Este escenario se traduce en un extendido temor de la población a ser víctima de un hecho violento, pero cuya percepción tiene consistencia con lo que está ocurriendo efectivamente en la realidad. No se trata de una percepción alimentada por una mayor cobertura mediática de episodios delictuales, como argumenta equivocadamente el gobierno para bajarle el perfil a esta crisis.

Los ingredientes de este cóctel son aumento del crimen organizado, inmigración ilegal descontrolada en el norte, terrorismo desbordado en la Macrozona Sur, instituciones policiales debilitadas por acción de la izquierda radical y una pérdida del sentido de autoridad.

Pero el diagnóstico es más que conocido. Lo que no está claro es una estrategia del gobierno, como conductor del Estado, para enfrentar el problema. Se cumplió un año de la actual administración y no existe un plan concreto para enfrentar este verdadero drama para los chilenos.

La explicación para esto es que en La Moneda no existe consenso sobre como abordar el problema en sus distintas dimensiones, porque hay una profunda división ideológica, donde un sector (parte del Frente Amplio) comprendió que sin seguridad pública el país no puede avanzar en ninguna dirección, ni siquiera en la que ellos buscan, mientras la izquierda más radical representada por el Partido Comunista, está con un pie en la calle y otra en el gobierno, promoviendo la movilización callejera y la violencia que eso trae aparejado, a la vez que actúa de forma farisea, como si respetasen las reglas democráticas.

Lamentablemente, el alto costo de esta división ideológica lo pagan los ciudadanos honestos, que viven atemorizados y ven restringidas sus libertades, al estar obligados a cambiar sus hábitos cotidianos para evitar ser víctima de algún hecho delictual. Porque la inacción que ha mostrado el gobierno en esta materia es precisamente por ese jaloneo entre las fuerzas políticas que conviven a regañadientes al interior del bloque oficialista.

Pugna que se grafica en que por un lado el Presidente de la República afirma que actuarán como “perros” en contra de los delincuentes, y por otro, se observa cómo los proyectos de ley para enfrentar este flagelo no tienen la prioridad ni urgencia del gobierno para lograr su aprobación en el Congreso.

Como exComandante en jefe de la Fach y persona que gran parte de su vida se ha abocado a temas de seguridad, he podido conocer experiencias de otros países y la forma en que han abordado la seguridad pública y el combate al crimen organizado.
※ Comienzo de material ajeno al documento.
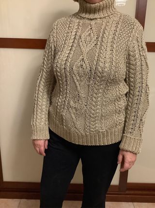 Jersey de punto con cuello alto y un bonito diseño trenzado. El color dorado le da un toque elegante. - Diseño con trenzas. - Cuello alto. - Tejido con hilo metalizado.

Conocí experiencias exitosas y fracasadas, donde la diferencias entre unas y otras, la marcan principalmente dos aspectos, más allá del nivel de desarrollo que tengan los países: una es la voluntad política que existe para enfrentar la inseguridad, donde se requiere un enfoque y coordinación de todo el Estado para lograrlo, porque si el oficialismo rema para un lado y la oposición para otro, no se avanza; y la otra es contar con una estrategia clara, de largo plazo y que sea una política de Estado, que trascienda a los gobiernos de turno.

A mi entender el principal problema que tenemos en Chile, es que hay sectores de izquierda que no ven la delincuencia, el crimen organizado y el terrorismo como una amenaza para la seguridad e integridad del país, sino que como factores esenciales para avanzar en la destrucción del modelo de desarrollo que ha tenido Chile en las últimas cuatro décadas, y llevarnos hacia la deriva de un modelo de miseria representado por el chavismo en Venezuela y el castrismo en Cuba.